1928 film by Walt Disney

Poor Papa is a 1928 animated comedy short film directed by Walt Disney. It is the first cartoon produced in 1927 to feature Oswald the Lucky Rabbit, but its release was held back due to Universal Pictures' displeasure over its premise.

==Plot==

The short

Oswald paces nervously outside a room where his wife is giving birth. A succession of storks fly over the house and drop numerous babies down the chimney. The doctor exits the birthing room, congratulates Oswald and begins to count a large number on his fingers. Oswald stops him and rushes into the room to see his wife in bed with more than 30 babies.

On Saturday night, Oswald washes the children in a barrel and, tying them together, runs the string of them through a wringer and hangs them up to dry. A number of children are playing outside the house. Inside, many children are engaging in destructive activities such as jumping on a piano keyboard, sawing the legs off a table and boring holes in the furniture. Oswald is trying to churn butter but is annoyed by the children's antics. He grabs one and spanks him, but the child runs away and thumbs his nose at Oswald. Another child drops a bar of soap, upon which Oswald slips and falls. Fed up, he grabs a rifle and climbs on the roof. He puts up a "NO VACANCIES" sign. Seeing more storks approaching carrying babies, he shoots at them and drives them away. One drops its load of babies, and they fall through the chimney before Oswald can prevent it. He ties a knot in the chimney, then laughs as the storks are unable to use the chimney, not seeing them drop the babies into the house's open water tank. He turns on the tap to fill a pot and is taken aback when numerous babies pour out of the tap.

==History==
In the early summer of 1927, Disney finished the cartoon Poor Papa, but Universal was not very satisfied. They had expected a more Charlie Chaplin-like character and thought Oswald was too elderly and too fat. Disney agreed to make some changes and the cartoon was not released in theatres at the time. Disney made a second Oswald cartoon known as Trolley Troubles, which was released instead and well received.

As for Poor Papa, it too eventually released in theatres, although Universal held it back until 1928. In total, nine Oswald cartoons were released in 1927.
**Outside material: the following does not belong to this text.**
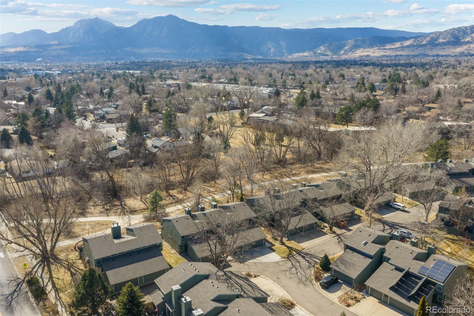 Great location in Boulder, backing to the Four Mile Creek Boulder Open Space with access to the bike/walking path! This is truly a one-of-a-kind home in this complex! End unit with 4-bedroom, 3 baths, and an attached two-car garage. New roofing, siding, windows and doors. Be the first to cook in this all-new kitchen, cabinets with under cabinet lighting, soft close cabinet doors and full extension drawers, quartz countertops and tile back splash, deep under mount stainless steel sink, stainless-steel appliances, French Door refrigerator with freezer draws, an induction cooktop and convection Wall oven, and a breakfast bar. New Trex deck (13x9) This home also has 2 additional parking spaces in front of the finished garage and has power ready for an electric vehicle! New garage door with upper panel windows, quiet opener with remotes and keypad! All new paint, inside and out, new flooring throughout, new electrical fixtures. The Main floor bedroom is next to the 3/4 bath. Living room with vaulted ceiling and new Velux skylights, Primary Bedroom with mountain views, and new 3/4 bath with luxury fixtures. Second upper-level bedroom with dressing area. Wi-Fi hub for thermostat and light fixtures. The laundry room has a new stacked clothes washer, Heat Pump dryer and laundry sink included. R-60 insulation in the ceiling! New efficient HVAC units. Property qualifies for all government financing; Conventional, FHA, VA! LOMA document included. Two blocks to East Palo Park, playground/park, and two blocks to tennis courts, and near the Pleasant View Soccer Fields via the Bike path! Convenient location for schools, shopping and restaurants. This is a great opportunity for any buyer! Don't miss this one!

Some elements of Poor Papa were later reused in the Mickey Mouse short Mickey's Nightmare.

==Preservation status==
After its release, Poor Papa was believed to be lost for many years, until around in the 2000s, where three incomplete surviving copies were found in the United Kingdom. All three copies were sold to private collectors.

In 2007, Disney attempted to purchase one of the three copies during production of The Adventures of Oswald the Lucky Rabbit DVD, but failed. Later, in 2015, Disney found a complete copy of the cartoon in a private collection. It was then restored and Poor Papa was finally released as a bonus feature in the Blu-Ray "Signature Edition" of Pinocchio.